The trend comes amid heightened global and domestic market volatility, driven in part by geopolitical tensions, with the Nifty50 declining over 11% during the month.
According to data from the Association of Mutual Funds in India (AMFI), the SIP stoppage ratio rose to 101% in March, indicating that closures exceeded new registrations.
While the ratio crossing the 100% mark may appear concerning, it is not unprecedented. It first breached this level in January 2025 and remained elevated in the following months, with April 2025 seeing a sharp spike to 353%. That surge was largely driven by back-dated folio pruning and the clean-up of dormant accounts, rather than panic-led exits by investors.
In March, 53.38 lakh SIPs were discontinued or matured, compared with 52.82 lakh new registrations. This compares with 49.70 lakh discontinuations and 65.72 lakh registrations in February, highlighting both a rise in stoppages and a sharp drop in new additions.
The higher stoppage ratio reflects a combination of factors. Volatile markets tend to make new investors cautious, while the financial year-end often leads to the maturity of existing SIPs. Some investors may also have discontinued SIPs as part of portfolio rebalancing, shifting between schemes rather than exiting altogether.
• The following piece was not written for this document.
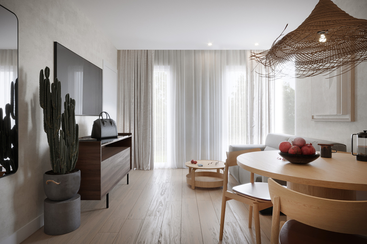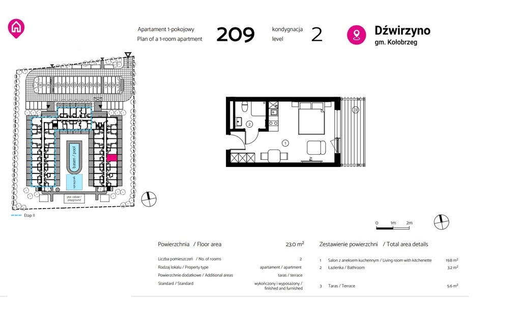 Offer without 2% PCC tax for the buyer. Pre-sale for apartments in stage I!!! Start of construction of stage I – Q2 2024, planned completion date of construction of stage I of the investment – March 2026. For sale: 1-room apartment with kitchenette, bathroom, fully furnished with an area of 23m², with a terrace of 5.6m2. Possibility to buy a ground parking space. Apartment sold with finishing and furniture of the highest standard and modern architectural solutions. The price in the offer is a gross amount, includes 23% VAT (with the possibility of deducting VAT by companies and individuals), for a finished and furnished premises. Low maintenance costs of the apartment – heating from a modern gas boiler room, electricity (including seasonal heating of the pool) from solar panels on the roof. New investment in Dźwirzyno surrounded by greenery, in a unique location – in the center of the resort and only 8 minutes walk to the beach. Distance from the seaside park – approx. 200 m. What distinguishes this investment: – High standard of finish and modern architecture – 2-story entrance hall – Digital key – an innovative system for opening doors using a mobile phone – Energy-saving elevator – Outdoor swimming pool – Water park for children – Relaxation zone with deckchairs – Playground – Photovoltaic panels – Chargers for electric cars In the investment – for sale 1, 2 and 3-room apartments with a mezzanine, with kitchenettes, finished and furnished in a seaside minimalist style with boho elements. Each apartment has a spacious balcony or terrace. Some premises located on the ground floor will have direct access to the swimming pool area (free use for owners). The premises can be purchased for your own use, as well as with the possibility of signing a contract with an experienced operator who will take care of the rental. We recommend – a unique, beautiful investment in premium quality. Ask us about availability and other meters. We invite you to contact us. The above offer is for information purposes and does not constitute a commercial offer within the meaning of Art. 66 §1 of the Civil Code

Uncertainty around market direction may have further contributed to a more cautious approach.
A SIP stoppage ratio measures discontinued SIPs relative to new registrations in a given month, with a ratio above 100% indicating more stoppages than additions.
Also Read: SIP inflows climb to ₹32,087 crore in March amid market volatility
Despite the rise in stoppages, inflows remained strong. SIP contributions increased 7.5% month-on-month to ₹32,087 crore in March—the highest ever—after a dip in February due to fewer working days.
Overall, the data suggests the spike in stoppages reflects a mix of market caution, seasonal factors and technical adjustments, rather than a broad-based withdrawal by investors.